__WHAT NEEDS TO BE DONE__. Where the line containing "На фото: Иван" appears below, start there and repeat each line exactly to the end. Leave the pictures out.

DATASET EXCERPT section start

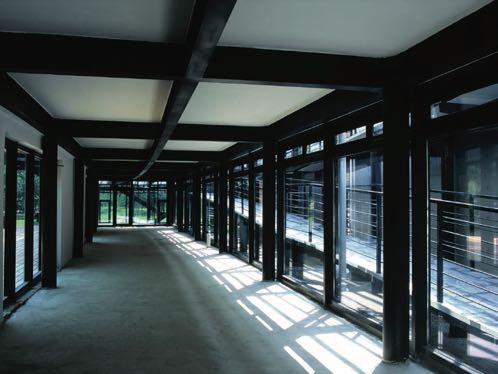 Varied interior space and the greenery beyond the east end of the building, as seen from the east doorway looking east.
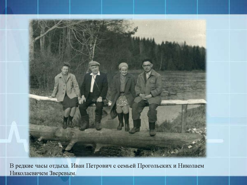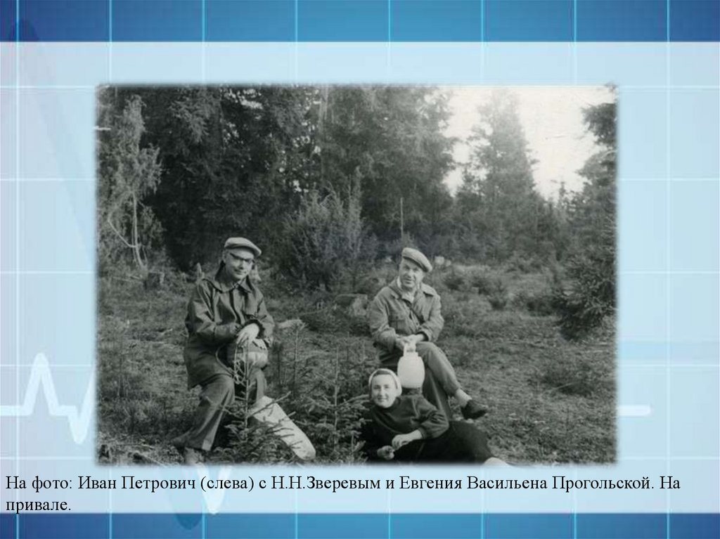 На фото: Иван Петрович (слева) с Н.Н.Зверевым и Евгения Васильена Прогольской. Напривале.
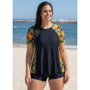 Orange Tropical Floral Print Upf50+ Short Sleeves Vintage Curvy Swimsuit Tankini Top

DATASET EXCERPT section end

__TASK SOLUTION__.
 На фото: Иван Петрович (слева) с Н.Н.Зверевым и Евгения Васильена Прогольской. Напривале.
 Orange Tropical Floral Print Upf50+ Short Sleeves Vintage Curvy Swimsuit Tankini Top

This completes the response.